Task item →
If an entry holds a picture, drop the picture and restate the rest word for word.

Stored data
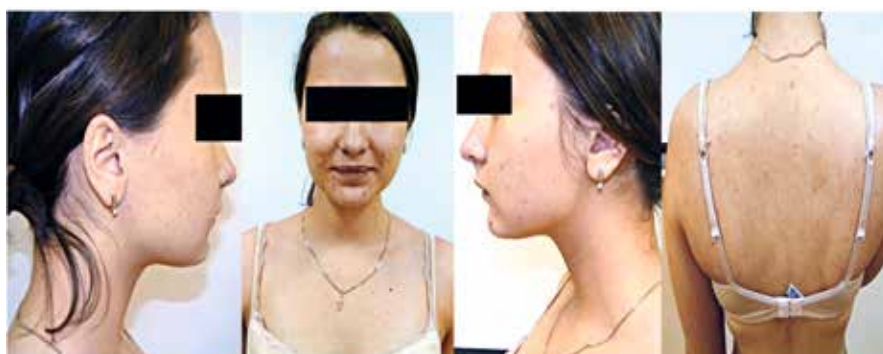
До начала лечения
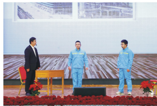
机关、金达团总支表演小品《提意见》
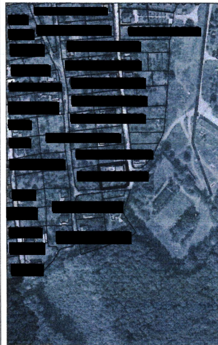
525 - numărul cadastral al terenului 01 - numărul cadastral al clădirii
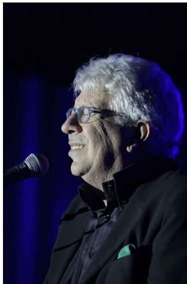
Peppino di Capri

Autentica icona della musica italiana, Peppino di Capri il 5 Gennaio, in un applauditissimo concerto, ha ripercorso alcuni classici del suo repertorio, dalla tradizione napoletana ai ritmi più rock e soprattutto il twist: da “ Champagne ” a “ Saint Tropez ”, da “ Luna Caprese ” a “ Let’s twist again ” e “ Don’t play that song ”, e ancora molte altre canzoni che hanno segnato il panorama musicale italiano e non solo, per una serata che è stata davvero indimenticabile. A conclusione, sulle note di “ Champagne ”, un brindisi con tutti gli spettatori per un augurio di Buon Anno.
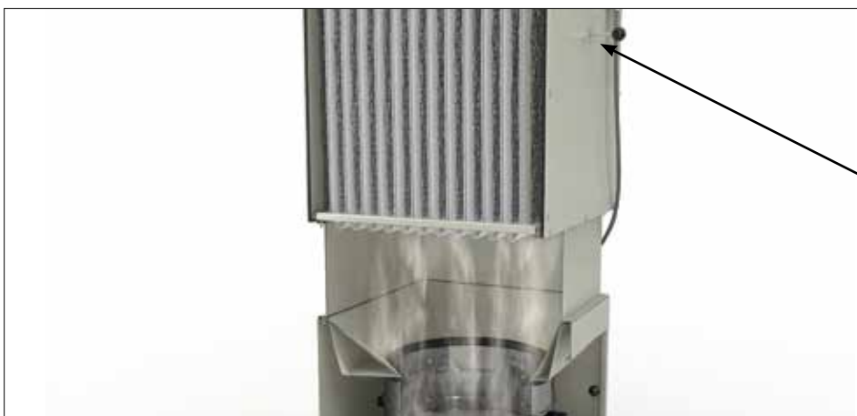
DS 6 účinné ruční čištění
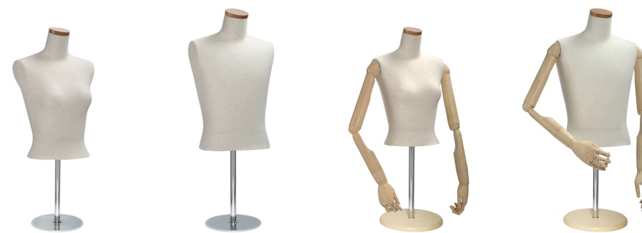
SL0850A-2N 芯地 Arm: なし Head: H-63 クリア Base: B-16B S 高さ :53 B:77 W:56 肩幅 34.5 M 高さ :56 B:82 W:61 肩幅 38 L 高さ :56 B:88 W:67.5 肩幅 40

Answer to the exercise →
До начала лечения
机关、金达团总支表演小品《提意见》
525 - numărul cadastral al terenului 01 - numărul cadastral al clădirii
Peppino di Capri

Autentica icona della musica italiana, Peppino di Capri il 5 Gennaio, in un applauditissimo concerto, ha ripercorso alcuni classici del suo repertorio, dalla tradizione napoletana ai ritmi più rock e soprattutto il twist: da “ Champagne ” a “ Saint Tropez ”, da “ Luna Caprese ” a “ Let’s twist again ” e “ Don’t play that song ”, e ancora molte altre canzoni che hanno segnato il panorama musicale italiano e non solo, per una serata che è stata davvero indimenticabile. A conclusione, sulle note di “ Champagne ”, un brindisi con tutti gli spettatori per un augurio di Buon Anno.
DS 6 účinné ruční čištění
SL0850A-2N 芯地 Arm: なし Head: H-63 クリア Base: B-16B S 高さ :53 B:77 W:56 肩幅 34.5 M 高さ :56 B:82 W:61 肩幅 38 L 高さ :56 B:88 W:67.5 肩幅 40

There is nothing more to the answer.